ALOHA's kitchen demonstrations (Zhao et al., 2023) showed that bimanual dexterity in the kitchen is learnable with remarkably few examples. Using ACT (Action Chunking with Transformers), ALOHA achieved 80% success on cooking shrimp, 90% on wiping wine, and 96% on cup transfer — all from just 50 demonstrations per task. The Mobile ALOHA extension (Fu et al., 2024) enabled mobile kitchen tasks: opening cabinets while holding objects (85%), loading dishwashers (75%), and organizing kitchen counters (80%). These results demonstrate that kitchen tasks spanning from fine manipulation to whole-body coordination can be learned from real demonstrations.

CALVIN (Mees et al., 2022) created a benchmark specifically for long-horizon kitchen-like tasks, evaluating whether policies can chain 5 sequential steps described in language ('open the drawer, pick up the block, place it on the table, push the slider, toggle the light'). On the CALVIN benchmark, the best current method (Hulc++) achieves 47% success on 5-step chains — meaning half the time, the policy fails before completing all steps. This result highlights that long-horizon kitchen data must capture not just individual step execution but transitions between steps and recovery from intermediate failures.
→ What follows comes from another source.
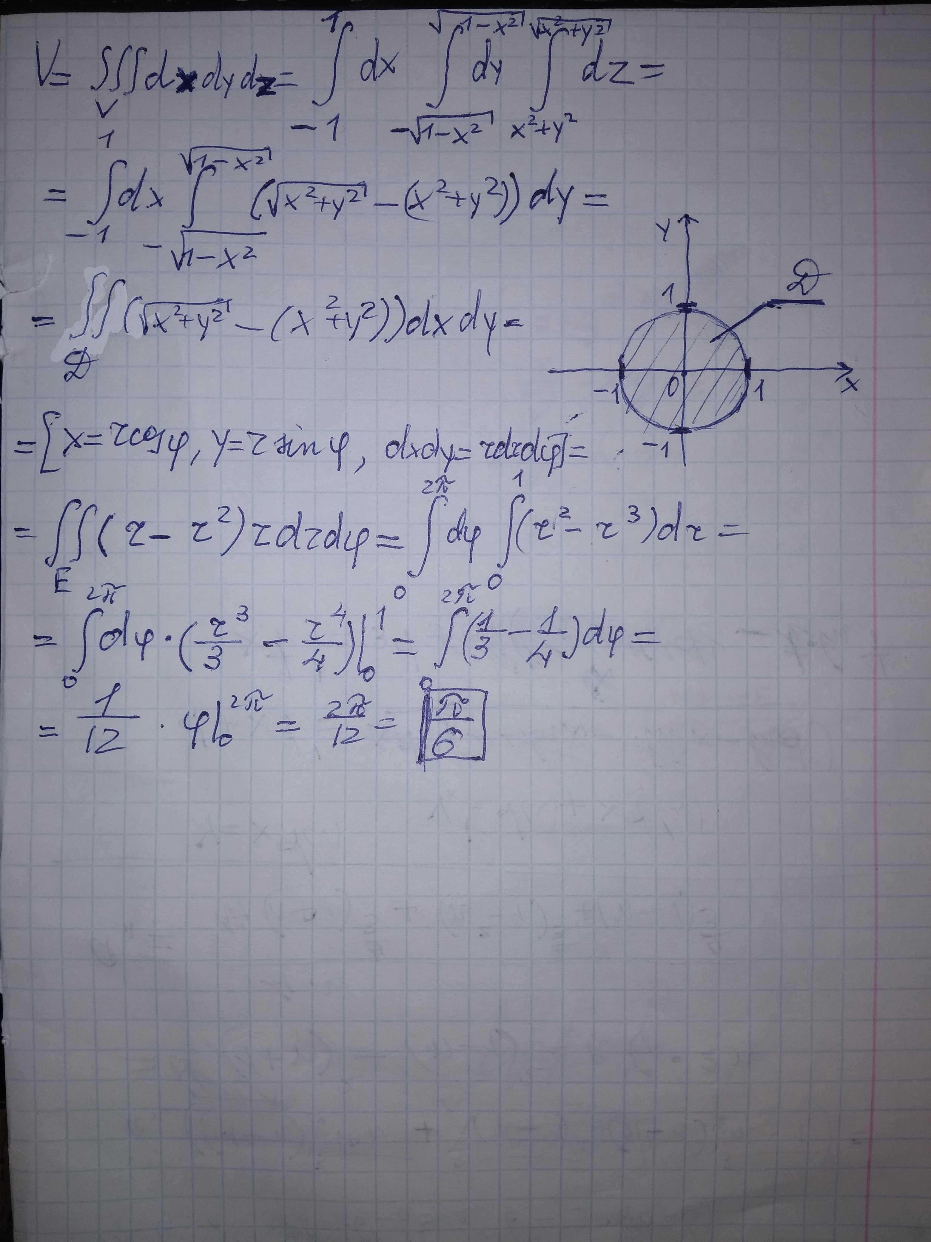 Найдите объем тела, ограниченного поверхностями, заданными уравнениями

For real-world kitchen deployment, TidyBot (Wu et al., 2023) demonstrated a practical approach to kitchen organization by combining LLM-based task planning with learned pick-and-place primitives. Using GPT-4 to infer where items belong based on user preferences (learned from 5-10 examples of placement decisions), TidyBot achieved 85% correct placement across 8 real kitchens with diverse layouts. The data requirement was modest — 50-100 pick-place demonstrations for the manipulation primitive plus 5-10 verbal preference examples for the planner — suggesting that kitchen systems benefit more from compositional data (separate primitive and planning data) than monolithic end-to-end demonstrations.

Collection Methodology for Kitchen Data

Kitchen data collection requires purpose-built test kitchens with standardized layouts, professional-grade lighting for consistent visual capture, and multi-view camera arrays. A minimum camera setup includes an overhead ceiling-mounted camera covering the full countertop workspace, a front-facing eye-level camera for object identification and hand-object interaction, a wrist-mounted camera on the robot for close-up manipulation detail, and optionally a side-view camera capturing the stovetop area. All cameras should operate at 30 Hz with hardware synchronization and be calibrated to a common reference frame for multi-view fusion.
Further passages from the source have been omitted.